Except for the obligation to pay the Fees, neither party shall be liable for any delay or failure in performance due to events outside the defaulting party’s reasonable control, including without limitation acts of God, earthquake, labor disputes, shortages of supplies, riots, war, fire, epidemics, failures of telecommunication carriers, delays of common carriers, or other circumstances beyond its reasonable control. The obligations and rights of the excused party shall be extended on a day-to-day basis for the time period equal to the period of the excusable delay. The party affected by such an occurrence shall notify the other party as soon as possible, but in no event less than ten days from the beginning of the event.

15.3. Choice of Law, Jurisdiction and Venue

The parties agree that all disputes shall be brought before U.S. District Court for the District of New Jersey located in Newark, New Jersey (District Court). If the District Court may not consider the dispute, all disputes shall be brought before the New Jersey Superior Court, located in Morristown, New Jersey. The parties agree that these courts shall have exclusive jurisdiction over all disputes and other matters relating to the interpretation and enforcement of these TOS or any other document entered into by the parties. Further, the parties agree that venue shall be proper in the appropriate court set out above, and agree that they shall not contest notice from that court. State law issues concerning construction, interpretation and performance of this Agreement shall be governed by the substantive law of the State of New Jersey, excluding its choice of law rules.

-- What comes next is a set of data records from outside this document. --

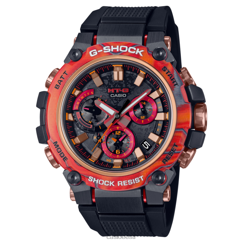 Tutvustame g-shocki 40. aastapäeva plahvatuspunast – tulise värvi purse kahes piiratud väljalaskega ajanäitajas, millega tähistatakse 1983. aasta g-shocki debüüdi 40. aastapäeva. Mtg-b3000 on inspireeritud päikesepõletuse intensiivsest võimsusest ja gwg-2000 mõlemad kiirgavad g-shocki musta ja punast värvi, pakkudes casio parimaid uusi tehnoloogiaid. Mitmevärviline süsiniku sisendiga raam, mis on valmistatud fosforestseeruvaid osakesi sisaldavatest süsinik- ja klaaskiudlehtedest, kutsub esile päikese tohutu plahvatusjõu. pind, mis annab ajanäitaja, mis kiirgab pimedas helendavat ilu. üksikute ja unikaalse mustriga raami komponendid – pole kahte ühesugust – annavad tulemuseks tõeliselt ainulaadsed kerged, tugeva tugevusega kellad. Tõstke see veelgi kõrgemale gwg-2000 esipaneeli komponentidega, mis on valmistatud sepistatud süsinikkiust koos fosforestseeruvate osakestega, mis sobivad kokku pimedas helendavate päikesekiirte mustritega raam. Mõlemal mudelil on sihverplaadile trükitud päikesekiirte muster ja eriline udukujuline disained logo, mis tähistab ümbrise tagaküljele graveeritud g-shocki 40. aastapäeva ja riba aasale graveeritud neli tärni 40 eest. Need hoolikalt kaunid, kordumatult mõjuvad ajanäitajad on täpselt sobivad g-shocki 40. aastapäeva tähistamise alustamiseks.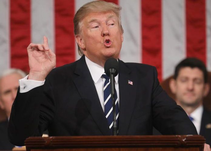 Enfrentado a una baja popularidad histórica y un inicio accidentado de su presidencia, Trump habló por una hora ante un hemiciclo repleto de miembros del gabinete, senadores, congresistas, magistrados, embajadores y generales.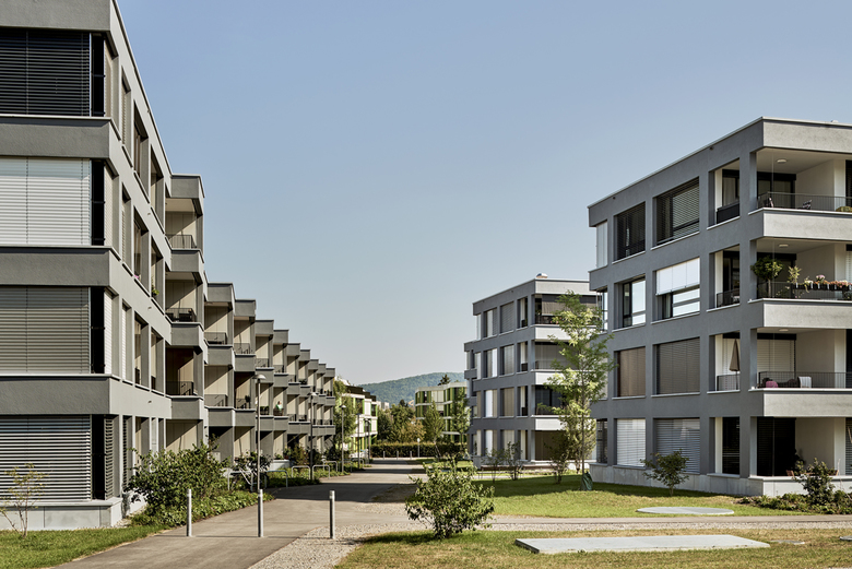 Ein landschaftsnah gestalteter Park, eine stark befahrene Strasse und die Aussicht aufs Schloss prägen den Ort. Die Überbauung besteht aus einem strassenbegleitenden Baukörper, der die Frage des Lärmschutzes über die Ausbildung des Grundrisses löst, und drei in den Park ausgreifenden Zeilen, die sich zur Landschaft und Aussicht hin öffnen. Kernstück der Wohnungen ist der typologisch neuartige, diagonal ausgerichtete Wohn- und Essraum, der für eine optimale Besonnung sorgt, eine gute Möblierung ermöglicht und den Blick aufs Schloss freigibt.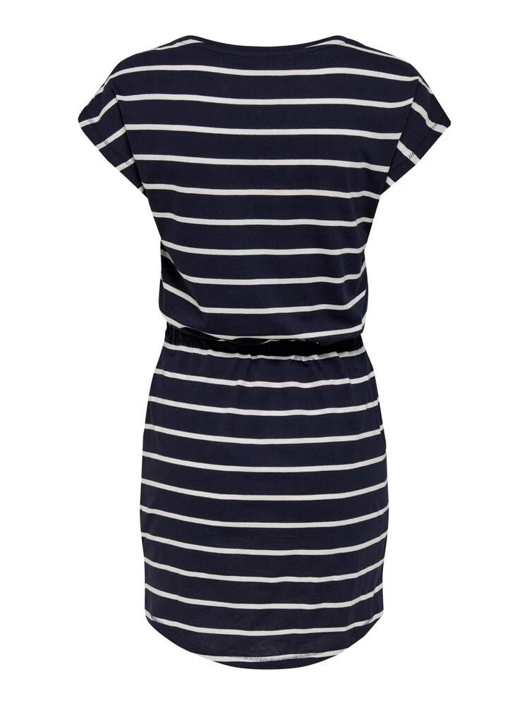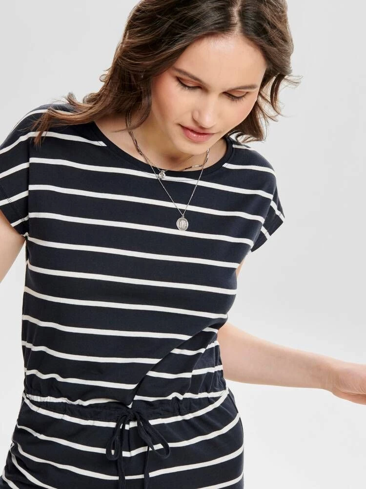 Rento raidallinen trikoomekko lyhyillä holkkihihoilla ja vyötärön muotoa antavalla kiristysnauhalla.

The United Nations Convention on Contracts for International Sale of Goods shall not apply.

15.4. No Waiver

No waiver of rights under these TOS, or any CloudDesks’ policy, or agreement between you and CloudDesks shall constitute a subsequent waiver of this or any other right under these TOS.

15.5. Assignment

These TOS may be assigned by us. It may not be assigned by you. These TOS shall bind and inure to the benefit of the corporate successors and permitted assigns of the parties.

15.6. Severability

In the event that any of the terms of these TOS become or are declared to be illegal or otherwise unenforceable by any court of competent jurisdiction, such term(s) shall be null and void and shall be deemed deleted from these TOS. All remaining terms of these TOS shall remain in full force and effect.

15.7. No Agency

These TOS does not create any agency, partnership, joint venture, or franchise relationship. Neither party has the right or authority to, and shall not, assume or create any obligation of any nature whatsoever on behalf of the other party or bind the other party in any respect whatsoever.

15.8. Survival

The following paragraphs shall survive the expiration or termination of these TOS: 1, 6, 11, 12, 13, 15.1, 15.3, 15.8.